Would you agree that a superstar is public property?

Let me put this very clearly: Shah Rukh Khan is not public property, his work is. Nobody has the right to comment on me per se, only on what is up there on the big screen. But there are people who violate my dignity as a matter of routine, just to get a vicarious thrill. Like this guy on television who asks me to comment on my sexual preferences. You know, it's ironic - when I entered this industry, I was a trendsetter and a role model because I took pride in my marital status. I was a married hero who made it to the top. But today, just because I don't sleep around, don't 'do' my heroines, as the term goes (I don't 'do' 'gori' women either!), I am being questioned about my sex life!
I live my life with dignity. Even in my on-screen romances, I may do pelvic thrusts or flirt with the heroine, but there is never anything that one can't watch with one's family. I'm old-fashioned in that sense. There is a certain piety that I attach to the whole process of acting...
And because I do good, clean acting, I am a good, clean person.
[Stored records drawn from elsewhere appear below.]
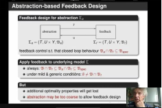 Joerg Raisch教授分别从反馈的需求、正式模型的需求、预测能力的牺牲以及标准代数的牺牲等方面展开报告。首先,Joerg Raisch教授介绍了什么是控制、什么是反馈,指出控制的目的、控制问题以及反馈控制的特性。然后,Joerg Raisch教授介绍了正式模型以及模型自由度的选择对于系统性反馈控制设计的重要性。接着,详细介绍了抽象和细化的概念和表达,构建基于抽象的反馈设计并将其应用于考虑的原始模型,并利用一个实际案例进行验证。而后,Joerg Raisch教授以一个玩具案例介绍了同步和延迟。对同步进行建模并且给出由时间事件图建模的关系。最后介绍了幂等半环的定义和性质以及在矩阵上的运算,并将其应用前述玩具的案例分析其系统模型。Joerg Raisch教授丰富精彩的报告为公司师生学习和科研工作带去了思想启发,也为同学们了解反馈控制的模型提供了有益指导。
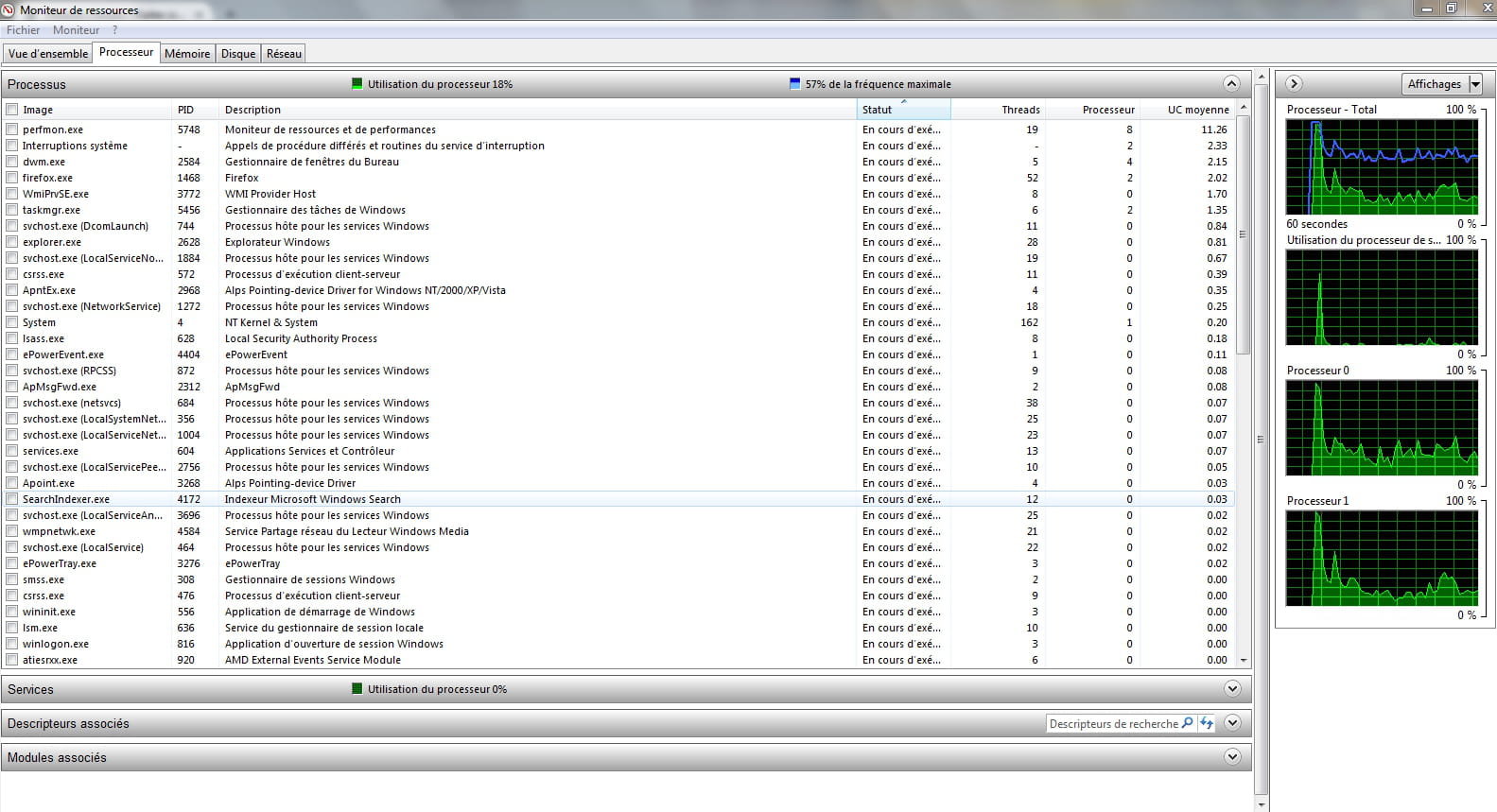 Le pc est un portable Packard Bell easynote, windows 7. Ce pc est un peu lent comme pour l'ouverture d'open office qui met prèsd'une minute à afficher le menu, trop lent en wifi, plus de 10 s pour charger la page, en filaire ça rame aussi mais moins. Le débit descendant de la bbox est de 7,4 M. Le signal est bon, le pc est en cause car les autres fonctionnent bien. Dans etat de connexion reseau sans fil, j'ai une vitesse de 54 Mbits/s et en cable j'ai une vitesse de 1,0 Gbits/s. La carte réseau est une atheros AR5B125 Wireless Network Adapter, j'ai regardé la connectique dans le pc, j'ai un seul connecteur noir branché, elle doit fonctionner comme ça car je n'ai pas vu d'autres connecteurs, les pilotes sont à jours. je suis allé sur le site du constructeur et fait la manip de désinstaller et réinstaller les pilotes pour le wifi. j'ai scanné le pc, avast et malawarebytes rien, zhpcleaner a trouvé 2 choses, j'ai conservé le rapport. Je ne sais pas si c'est un virus ou si c'est un pilote qui prend de la ressource au pc, firefox est à jour, je vide le cache à chaque utilisation, j'ai regardé dans le gestionnaire de tâches, moniteur de ressource, firefox est à 52 dans la colonne thread et par contre j'ai une valeur de 162 pour NT Kernel et System avec une juste une page internat ouverte au moment de la mesure.
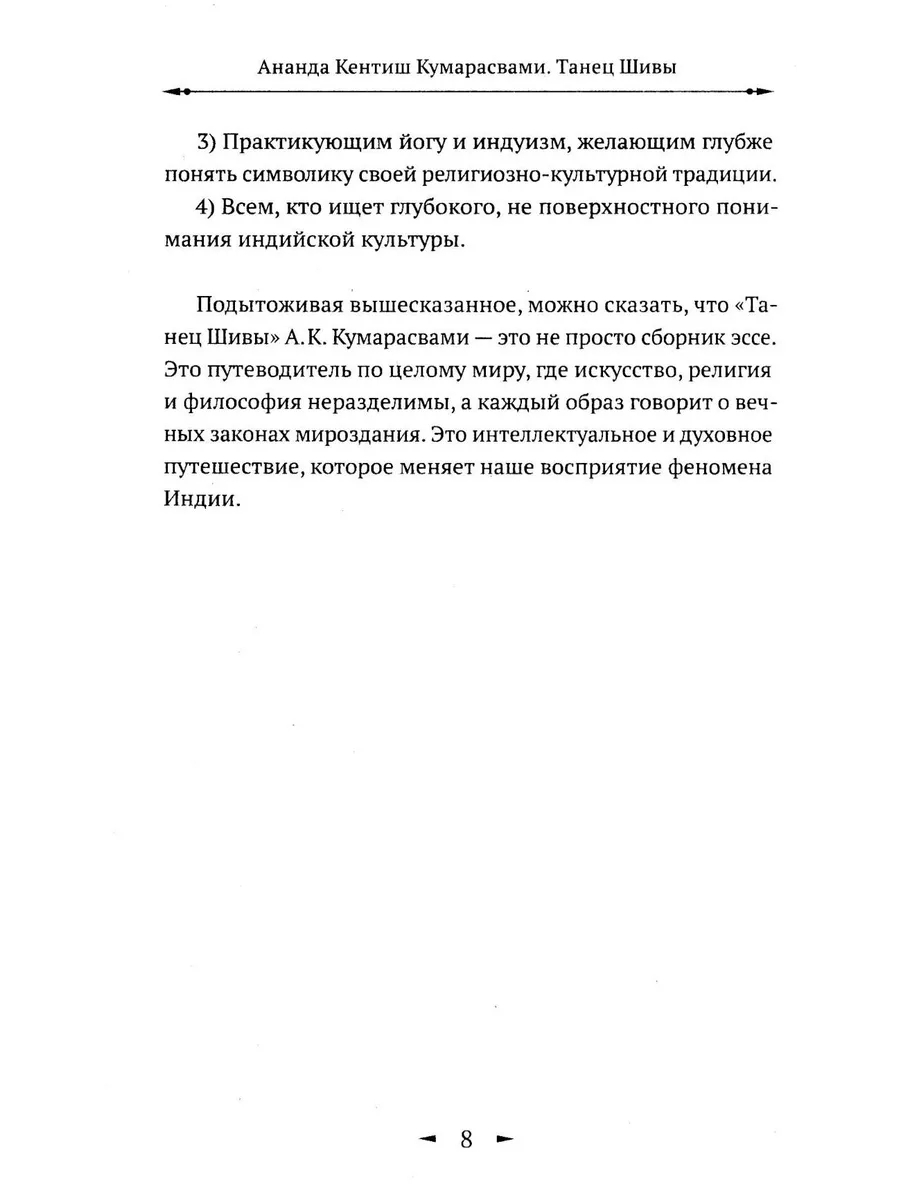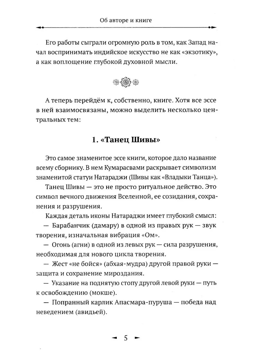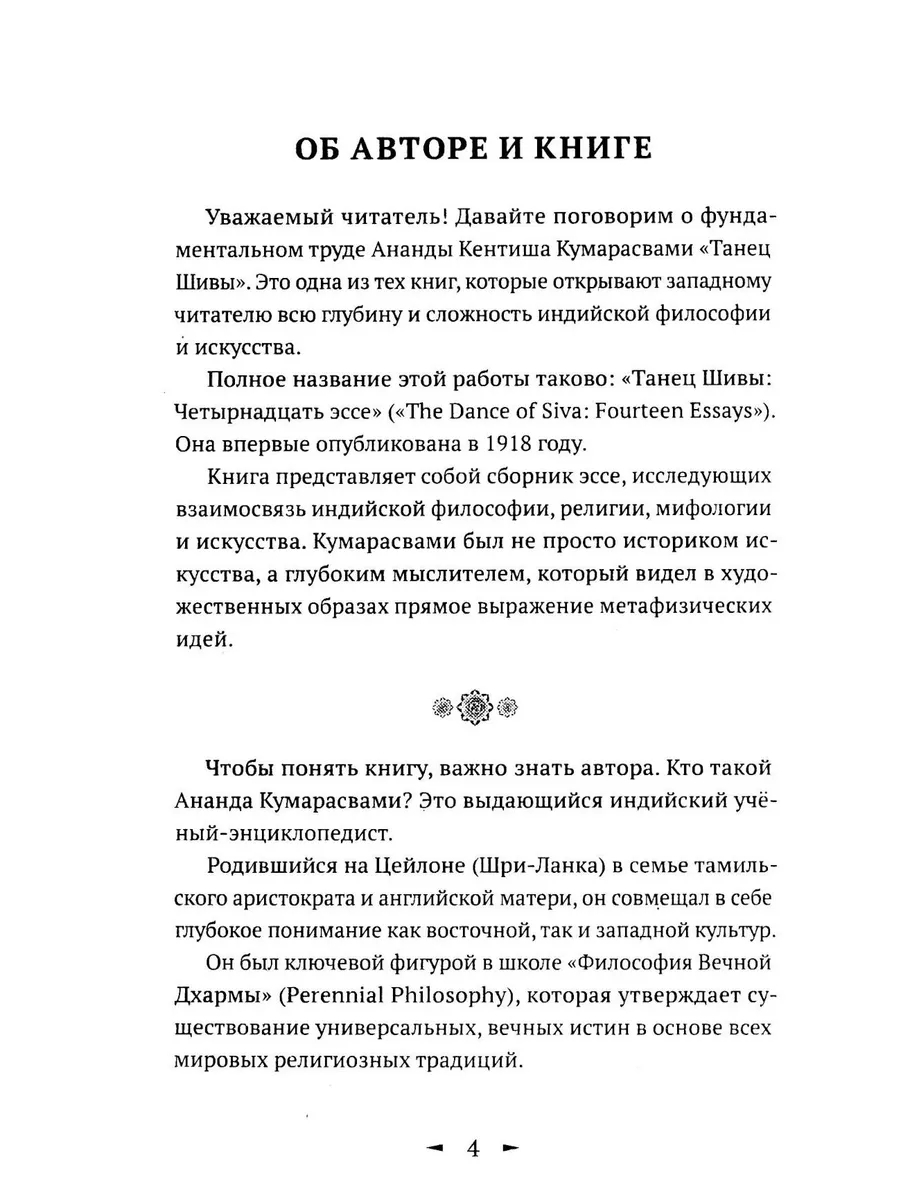Фундаментальный труд выдающегося индийского учёного-энциклопедисти Ананды Кентиша Кумарасвами (1877-1947). "Танец Шивы" – это классика искусствоведения и религиоведения, открывающая западному читателю глубину индийской философии и искусства. В данном труде раскрывается сокровенный смысл сакральных образов Индии и показывается, что искусство, религия и метафизика в этой традиции неразделимы.

And then it angers me when someone slanders me without reason.

What are you searching for in your journey through life?

Right now, I see myself as this mountain climber who is a man possessed. He wants to break all limits, go upwards and upwards. And he cannot be bothered by questions like, is it cold up there? Have I carried enough provisions? Will my rope break? Am I scared about falling? All I know is that I'm searching for the pot of gold at the end of the rainbow. The glory, the megastar status is great, but beyond that, there is something that I'm searching for. And my biggest worry is whether I will find that pot... Does it even exist at all?

All I know is that I'm searching for the pot of gold at the end of the rainbow. The glory, the megastar status is great, but beyond, that there is something that I'm searching for. And my biggest worry is whether I will find that pot... Does it even exist at all?